CBR shipments from 33 Mb/d in January 2010 to a peak of 928 Mb/d in October 2014 (according to EIA). As new pipelines have been built out to provide less expensive options to get stranded crude to market so the WTI discount has narrowed dramatically and CBR traffic has declined. Primarily in response to the narrowing spread - CBR volumes fell during 2015 but not as fast as you might expect – dropping only 20% between January and November 2015 (latest EIA data) even though the spot market economics often made no sense.
As we discussed in Part 2 – looking at the epicenter of the CBR boom in North Dakota – the slower than expected decline in rail shipments is mostly because committed shippers and refiners continue to use rail infrastructure that they invested in and because some routes still do not have pipeline access. In Part 3 we looked at CBR traffic out of the Niobrara shale region in the Rockies. Rail load terminal infrastructure there was built in Colorado and Wyoming in response to increased crude production from the Niobrara shale over the past 4 years. Now although crude production in the region is down from 2014 peaks and expected to only grow slowly in the next 5-years if oil prices stay low – midstream companies continue the build out and expansion of rail terminals as well as new pipelines. This time we look at the fate of CBR load terminals built out in Western Canada in today’s low crude price environment.

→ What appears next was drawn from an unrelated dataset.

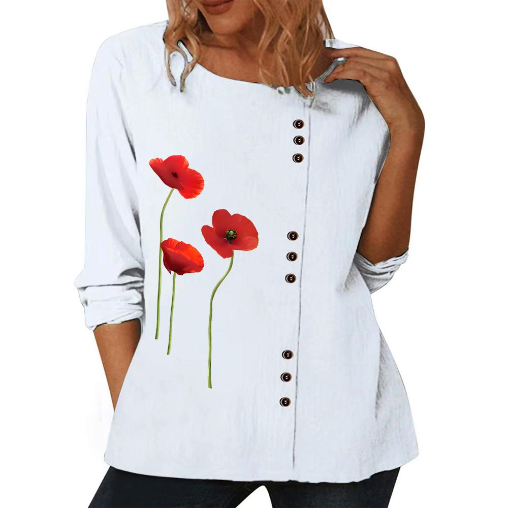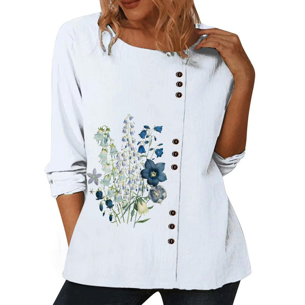 Элегантный женский хлопковый топ с множеством модных принтов, круглым вырезом и длинными рукавами

Over the past two weeks we detailed the sorry plight of producers in Canada’s oil sands region in the face of record low prices for local benchmark heavy crude Western Canadian Select (WCS) at Hardisty in Alberta. For some producers the transport costs to get these heavy crudes to market are so high that at today’s crude prices they make minimal or even negative netbacks (crude selling price minus transport costs) at the wellhead.

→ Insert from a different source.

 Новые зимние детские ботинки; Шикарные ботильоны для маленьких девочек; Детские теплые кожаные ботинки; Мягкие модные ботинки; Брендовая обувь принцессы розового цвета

The high transport costs include a penalty for blending in expensive light hydrocarbon diluent at the wellhead to dilute bitumen crude so that it can flow in pipelines. Producers not only have to pay more for diluent than the value of the blended WCS, but they also have to ship the diluent to markets as far away as the Gulf Coast (over 2000 miles). Nevertheless – as we noted in “Desperadoes” – Oil Sands producers continue to run their steam assisted gravity drainage (SAGD) bitumen plants despite losing money because they otherwise risk damaging these 40-year long-term production assets. And previous investment means that new projects continue to come online so that incredibly, – Canadian crude production is expected to continue growing.
The Canadian National Energy Board (NEB) forecasts that total crude production will increase by about 5% during 2016 from 3.9 MMb/d in January to 4.1 MMb/d in December with oil sands SAGD production expected to increase by 9% in 2016. With Canadian market needs already met, almost all new production heads to the U.S. where closer-by Mid-Continent refinery demand for heavy crude is saturated – meaning producers have to ship all the way to the Gulf Coast to find new markets. For Canadian producers the long distances to market in the U.S. have been compounded by delays in the build out of more economic pipeline routes out of Canada – culminating in the November 2015 Presidential cross-border permit rejection of the proposed 800 Mb/d Keystone XL pipeline. The history of CBR in Western Canada is closely entwined with pipeline congestion on routes to the U.S. such that producers turn to more expensive railroad options when they can’t get access to pipeline capacity.